AADSTS700024: Client assertion is not within its valid time rangeThe CrewAI Platform host’s clock is significantly skewed from real time. Check NTP on the host.
AADSTS50013: Assertion failed signature validationMicrosoft Entra couldn’t verify the JWT’s signature. Confirm https://<your-platform-host>/oauth2/jwks is reachable from the public internet and serves a valid JWKS.
Secret Name autocomplete shows Forbidden — does not have permission to perform action 'Microsoft.KeyVault/vaults/secrets/.../list'The App Registration’s Key Vault Secrets User role is scoped to a single secret. Grant the role at the vault scope so the list data-plane action is allowed. See Step 4.
Kickoff fails to resolve a secret even though Test Connection passesThe WI binding is healthy, but per-secret Key Vault RBAC is missing on the failing secret. Audit Key Vault Secrets User on that specific secret (or extend the role assignment to the vault scope).
Forbidden — request was not authorized (vault using legacy access policies)The vault hasn’t been switched to Azure RBAC. Under the vault’s Access configuration, set permission model to Azure role-based access control and re-grant the role from Step 4.
azure_vault_url is required for Azure secret resolution (worker logs)The Secret Provider Credential is missing Key Vault URL. Re-check Step 7.
Rotated value isn’t picked up on the next kickoffConfirm the env var on the automation is referencing a Workload Identity-backed credential (not a static-keys credential).
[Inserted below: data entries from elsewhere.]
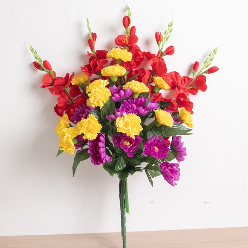 카네이션 성묘 꽃다발 조화 글라디올러스 어렌지A 78cm 납골당 산소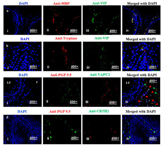 The activation and degranulation of eosinophils and mast cells have been implicated in the induction of esophageal functional abnormalities, including stricture and motility dysfunction, in human EoE [56]. Since the mechanistic and preclinical studies of esophageal function cannot be conducted on human EoE patients, we used a doxycycline (DOX)-exposed CC-10 IL-13 transgenic chronic EoE mouse model [57,58] generated by crossing two different transgenic mice using the construct presented in Supplementary Figure S3. We found that a similar VIP-associated mechanism is also operational for eosinophil and mast cell accumulation in and beyond the epithelial mucosa of an experimental DOX-regulated IL-13-overexpressed chronic mouse model of EoE. We showed that eosinophils and mast cells accumulated nearby VIP-expressed nerve cells (distance < 1 μm) from three weeks of DOX-exposed CC-10-IL-13 in the muscularis mucosa of a mouse model of experimental EoE. Eosinophils and mast cells also accumulated in the immunofluorescence staining of anti-MBP, anti-tryptase, and anti-VIP in muscularis mucosa in the tissue sections of DOX-exposed CC-10-IL-13 mice (Figure 6a(i–iv)). Previously, we showed that CC10-IL-13 mice accumulate eosinophils and mast cells in each segment of the esophagus [56]; here, we present evidence that these mice also accumulate eosinophils and mast cells near nerve cell-expressed VIP in the muscularis mucosa. A merged photomicrograph of DAPI-mounted anti-MBP and anti-VIP-stained tissue sections shows eosinophils nearby VIP-expressing nerve cells (Figure 6a(iv)) and anti-tryptase and anti-VIP mast cells nearby nerve cells in the esophageal tissue sections of our DOX-exposed CC-10-IL-13 mouse model of EoE (Figure 6b(i–iv)). Next, we stained these tissue sections with anti-PGP 9.5/anti-VAPC2 and anti-PGP 9.5/anti-CRTH2 and found the accumulation of VIP receptor-positive cells nearby nerve cells (Figure 6c(i–iv),d(i–iv)). Doxycycline’s short-term use has no effect on mice; its function is to induce a particular gene inserted to the promoter. WT mice exposed to DOX do not show any tissue pathological abnormalities, but changes in gut microbiome and insulin levels were observed after long exposure in transgenic mice [59,60]. These data confirm that this mouse model mimics human EoE and is suitable for investigating the mechanism underlying eosinophil and mast cell accumulation in tissue beyond the epithelial mucosa that promotes functional abnormalities, like motility disorders, in human EoE. Photomicrographs are presented at 400× original magnification.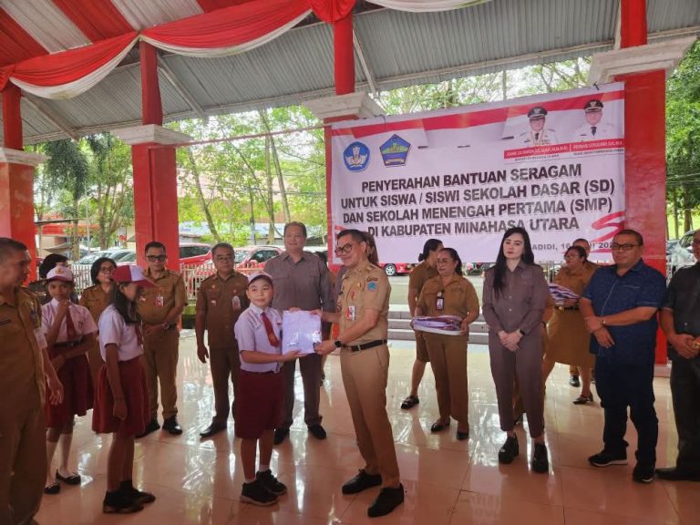 MINAHASA UTARA – Komitmen Pemerintah Kabupaten (Pemkab) Minahasa Utara (Minut) dalam menunjang dan meningkatkan kualitas pendidikan, terus direalisasikan dan dibuktikan dengan membagikan bantuan seragam sekolah bagi para pelajar tingkat SD dan SMP.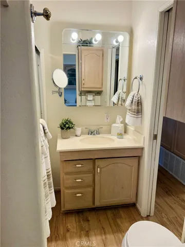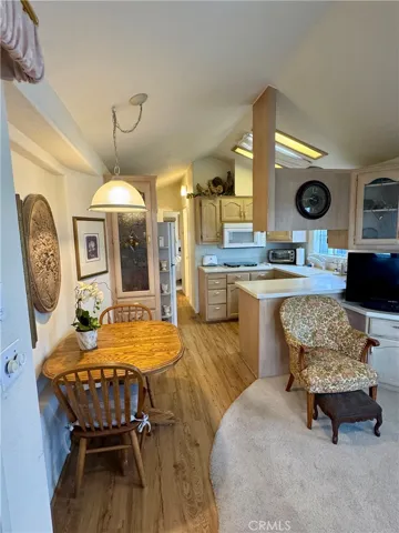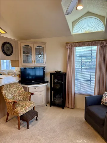 Inside, the light-filled interior showcases a stunning gourmet kitchen designed to impress, featuring Corian countertops, all-white appliances, a skylight, and hardwood flooring. Every detail has been carefully curated to blend comfort, functionality, and upscale appeal. The inviting living room offers wingback chairs, custom draperies, a ceiling fan, and a television—perfect for a relaxing night in enjoying your favorite movie or show.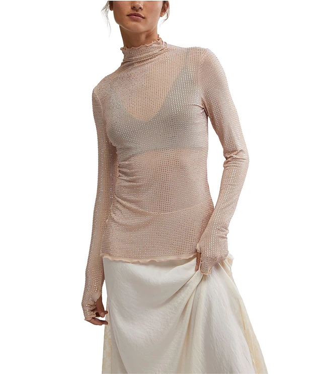 Free People Dance All Night Sheer Embellished Mesh Mock Neck Long Sleeve Fitted Top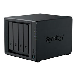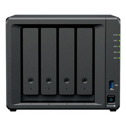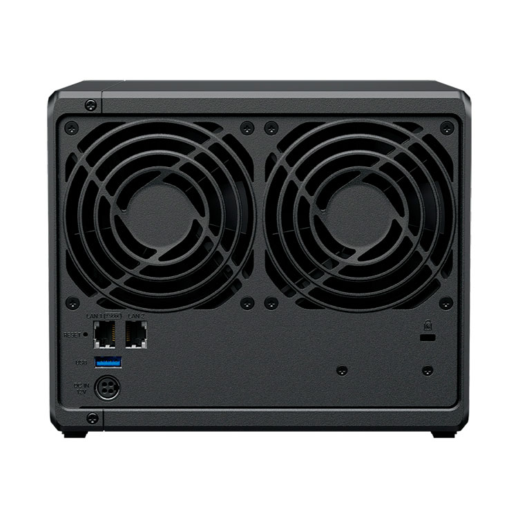 Storage NAS com 4 baias hot swappable, processador Intel Celeron 4-Core, 2GB DDR4 ECC, 2 slots M.2 NVMe, 1 porta LAN RJ-45 1GbE, 1 porta LAN RJ-45 2,5GbE e 2 portas USB 3.2. Solução de armazenamento DiskStation ideal para backup, sincronização e compartilhamento de arquivos com segurança.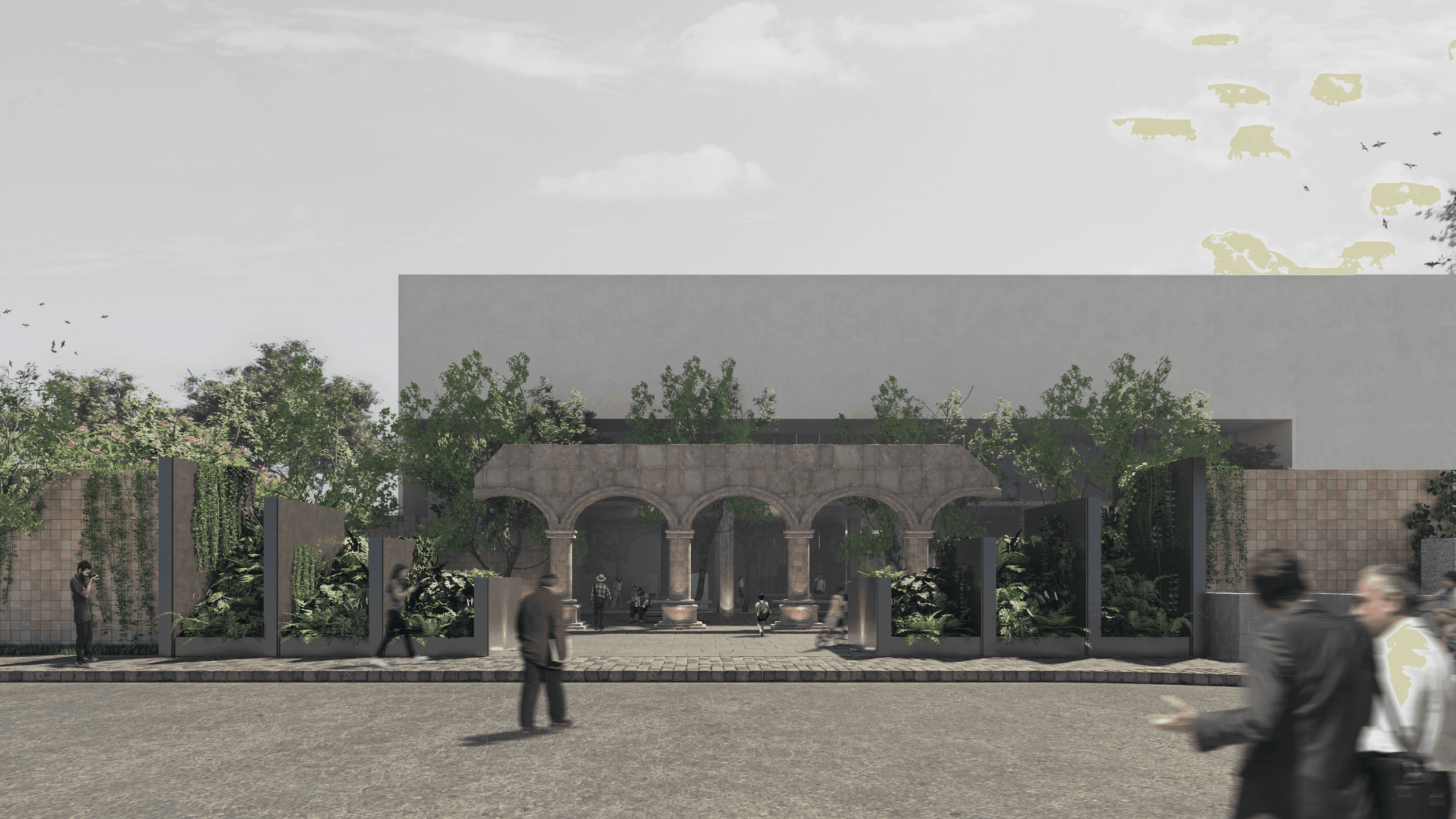 Bajo la necesidad de generar un nuevo motivo de ingreso para la Cámara de Comercio de Guadalajara, se realizó una intervención donde el elemento principal es la preexistencia de un muro de cantera amarilla.
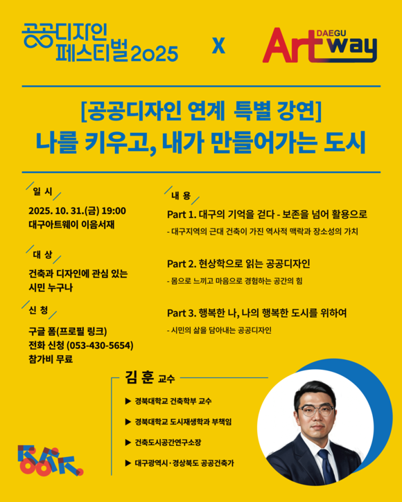 31일 저녁 7시에는 대구광역시·경상북도 공공건축가이자 건축도시공간연구소 소장인 김훈 교수(경북대학교 건축학부)의 공공디자인 강연이 진행된다. 건축과 공공디자인 그리고 ‘공존’의 가치에 대한 생각을 나누는 인문학 프로그램으로 구성될 예정이다.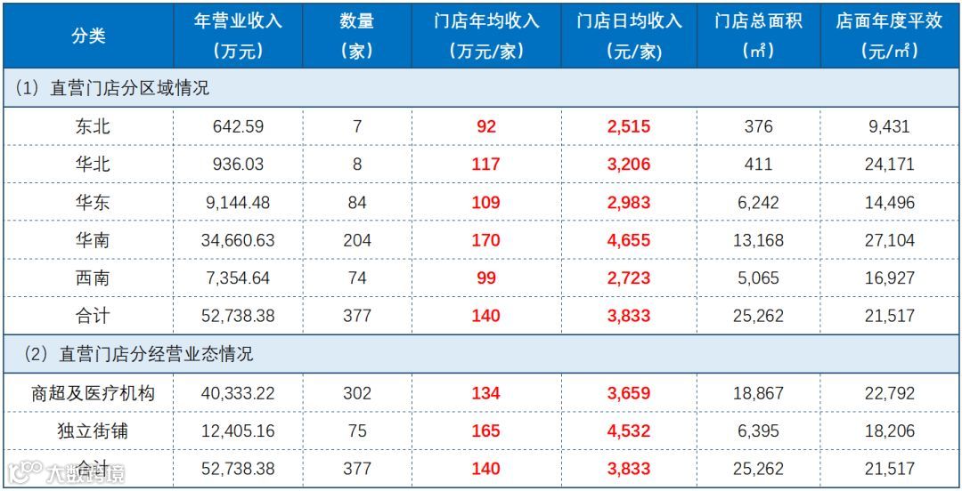 从上面的数据可以看到,密集开店的华南区域品牌影响较大因此单店的产出较高,日均收入能有4655元,如果按照1000元/单来计算,平均每天也就卖4副眼镜而已;而表现较差的东北及西南,平均每天也就销售2.5单。

The static path bakes values into the deploy image.

Next Steps

Screenshot Reference

The placeholders above map to:
  • 01-register-app.png — Azure portal “Register an application” form filled with crewai-secrets-reader.
  • 02-add-federated-credential.png — App Registration → Certificates & secrets → Federated credentials → Add credential, with Other issuer, the platform issuer URL, subject organization:<uuid>, audience api://AzureADTokenExchange.
  • 03-grant-vault-rbac.png — Key Vault → Access control (IAM) → Add role assignment, with Key Vault Secrets User and the App Registration selected.
  • 04-per-secret-rbac.png — Same form but at a single secret’s IAM scope (alternative least-privilege path).
  • 05-amp-add-wi-config-azure.png — CrewAI Platform “Add Workload Identity Config” form with Cloud Provider = Azure, Tenant ID, Client ID populated.
  • 06-amp-wi-list-with-azure.png — Workload Identity list page after creation, showing rows for AWS, GCP, and the new Azure config.
  • 07-amp-add-credential-azure-wi.png — “Add Secret Provider Credential” form with Provider = Azure Key Vault, Auth = Workload Identity, the WI config picked, and Key Vault URL populated.